I must again repeat, the religion of their learned is admirable, and free from superstitions, from absurd legends, from dogmas insulting both to reason and nature, to which the bonzes give a thousand different meanings, because they really often have none. The most simple worship has appeared to them the best, for a series of forty centuries. They are, what we conceive Seth, Enoch, and Noah to have been; they are contented to adore one God in communion with the sages of the world, while Europe is divided between Thomas and Bonaventure, between Calvin and Luther, between Jansenius and Molina.


CHRISTIANITY.

Establishment of Christianity, in its Civil and Political State.—Section I.

God forbid that we should dare to mix the sacred with the profane! We seek not to fathom the depths of the ways of Providence. We are men, and we address men only.

When Antony, and after him Augustus, had given Judæa to the Arabian, Herod—their creature and their tributary—that prince, a stranger among the Jews, became the most powerful of all kings. He had ports on the Mediterranean—Ptolemais and Ascalon; he built towns; he erected a temple to Apollo at Rhodes, and one to Augustus in Cæsarea; he rebuilt that of Jerusalem from the foundation, and converted it into a strong citadel. Under his rule, Palestine enjoyed profound peace. In short, barbarous as he was to his family, and tyrannical towards his people, whose substance he consumed in the execution of his projects, he was looked upon as a Messiah. He worshipped only Cæsar, and he was also worshipped by the Herodians.

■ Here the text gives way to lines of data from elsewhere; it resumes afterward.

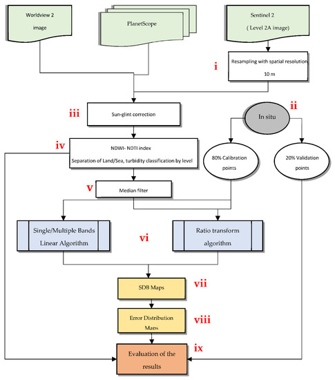 Seven basic steps of estimating bathymetry were acknowledged to this challenging study area. The pre-processing steps are a crucial component of the methodology for estimating bathymetry. The first pre-processing step concerns the geometric, radiometric, and atmospheric correction of satellite images. The provider of the Worldview 2 and PlanetScope images gave calibrated the satellite images, while the medium resolution Sentinel 2 image was downloaded as the bottom of the atmosphere product. In addition, for the Sentinel-2 image, the resampling of all Sentinel 2 bands using a referenced band with a 10 m spatial resolution was applied in the Sentinel Application Platform (SNAP) software (Figure 3—i).
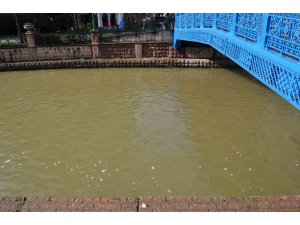 Eskişehir'i dünden beri etkisi altına alan ve zaman zaman sağanağa dönen yağmur sonrasında şehrin merkezinden geçen Porsuk Çayı'nın rengi kahverengine döndü.
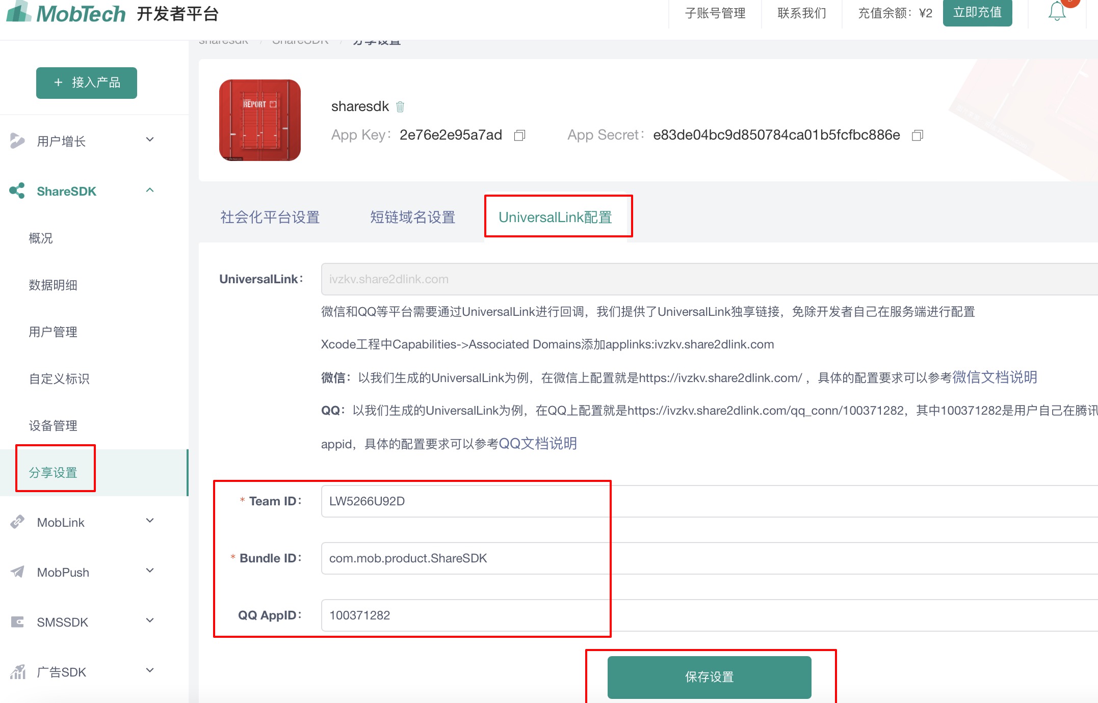 填写好这些信息保存之后,就可以将生成的Universal Link用于微信开放平台上,微信初始化里,项目里这3个地方进行配置
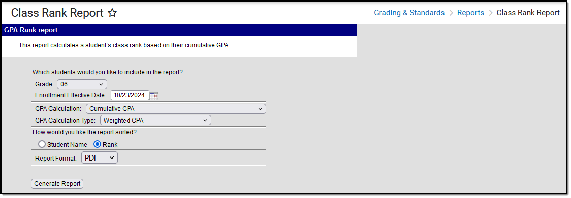 - Once class rank has been reviewed, determine the date to save a final year report for class rank.

The sect of the Jews had long been spread in Europe and Asia; but its tenets were entirely unknown. No one knew anything of the Jewish books, although we are told that some of them had already been translated into Greek, in Alexandria. The Jews were known only as the Armenians are now known to the Turks and Persians, as brokers and traders. Further, a Turk never takes the trouble to inquire, whether an Armenian is a Eutychian, a Jacobite, one of St. John's Christians, or an Arian. The theism of China, and the much to be respected books of Confucius, were still less known to the nations of the west, than the Jewish rites.